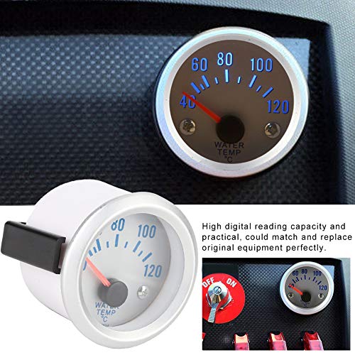 Akozon Indicatore di Temperatura Dell'acqua per Auto Universale 52mm Termometro Digitale Dell'acqua del Motore LED Blu Intervallo 40-120 ℃ Bianca
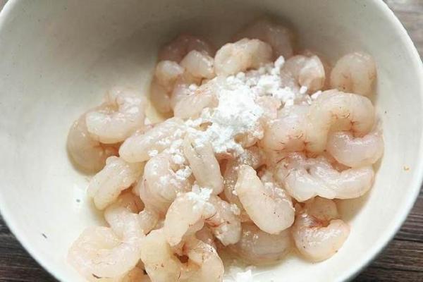 Tôm bóc vỏ, bỏ chỉ, rửa sạch, để ráo rồi cho vào bát. Thêm xíu muối, trộn đều. Sau đó thêm 1 thìa rượu nấu ăn, 1 thìa tinh bột, trộn đều rồi ướp trong vòng 10 phút để tôm ngấm gia vị.
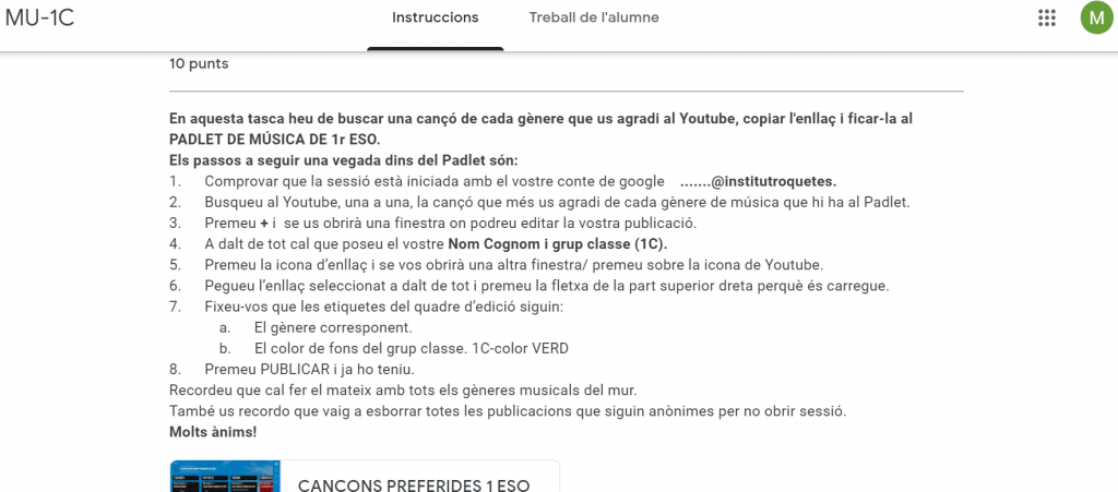 En la primera comunicació s’han respectat totalment la protecció de dades, la seguretat física i psicològica de l’alumnat i el benestar digital, ja que hem utilitzat l’Espai Virtual d’Aprenentatge per fer la comunicació. Aquest ens serveix per a comunicar-nos tant sincrònicament com asincrònicament.
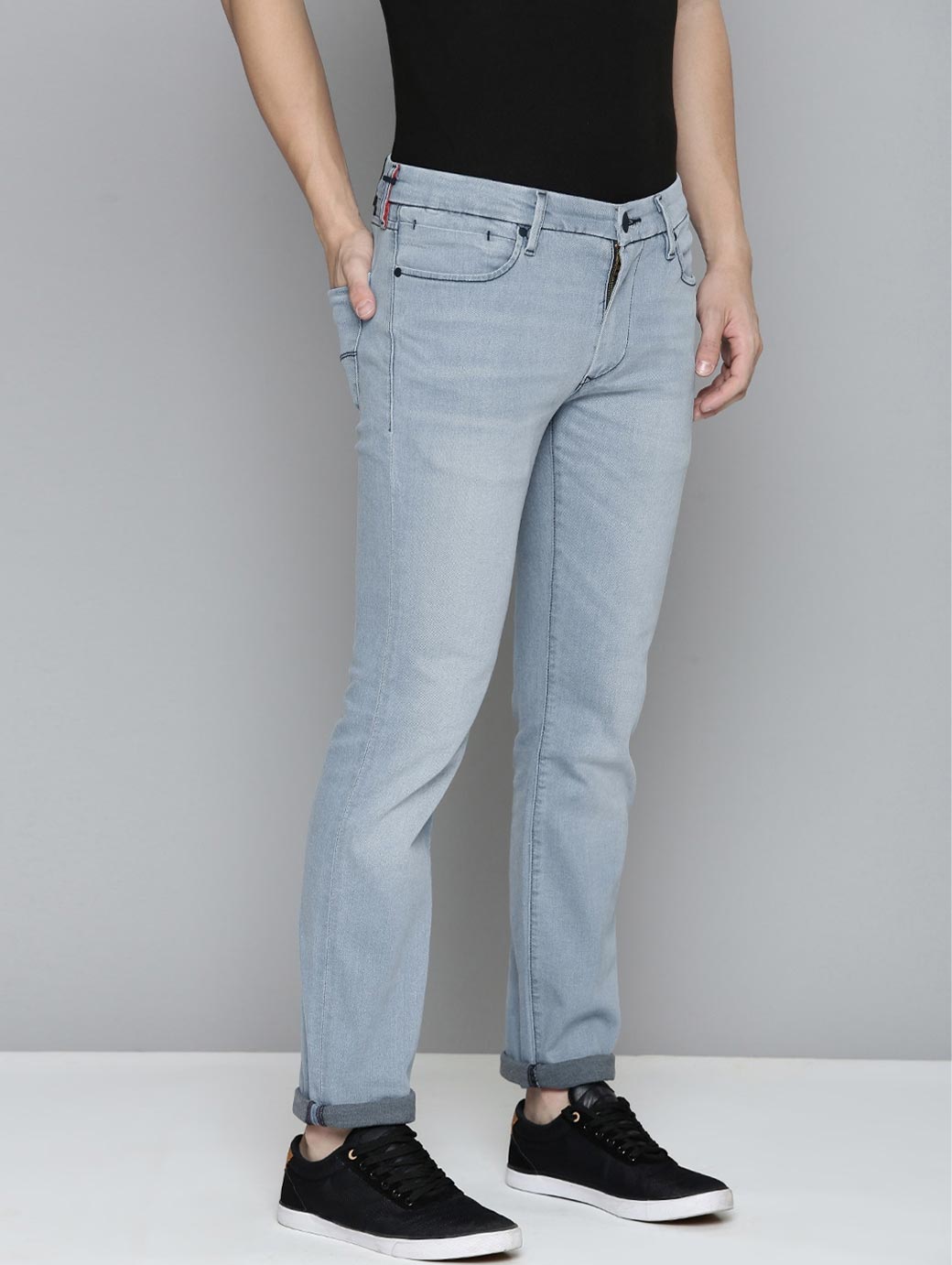 - Slim fit, mid-rise

^^^^^^^^^^^^^^^^

Word for word, retype the material above without its pictures.

 Akozon Indicatore di Temperatura Dell'acqua per Auto Universale 52mm Termometro Digitale Dell'acqua del Motore LED Blu Intervallo 40-120 ℃ Bianca
 Tôm bóc vỏ, bỏ chỉ, rửa sạch, để ráo rồi cho vào bát. Thêm xíu muối, trộn đều. Sau đó thêm 1 thìa rượu nấu ăn, 1 thìa tinh bột, trộn đều rồi ướp trong vòng 10 phút để tôm ngấm gia vị.
 En la primera comunicació s’han respectat totalment la protecció de dades, la seguretat física i psicològica de l’alumnat i el benestar digital, ja que hem utilitzat l’Espai Virtual d’Aprenentatge per fer la comunicació. Aquest ens serveix per a comunicar-nos tant sincrònicament com asincrònicament.
 - Slim fit, mid-rise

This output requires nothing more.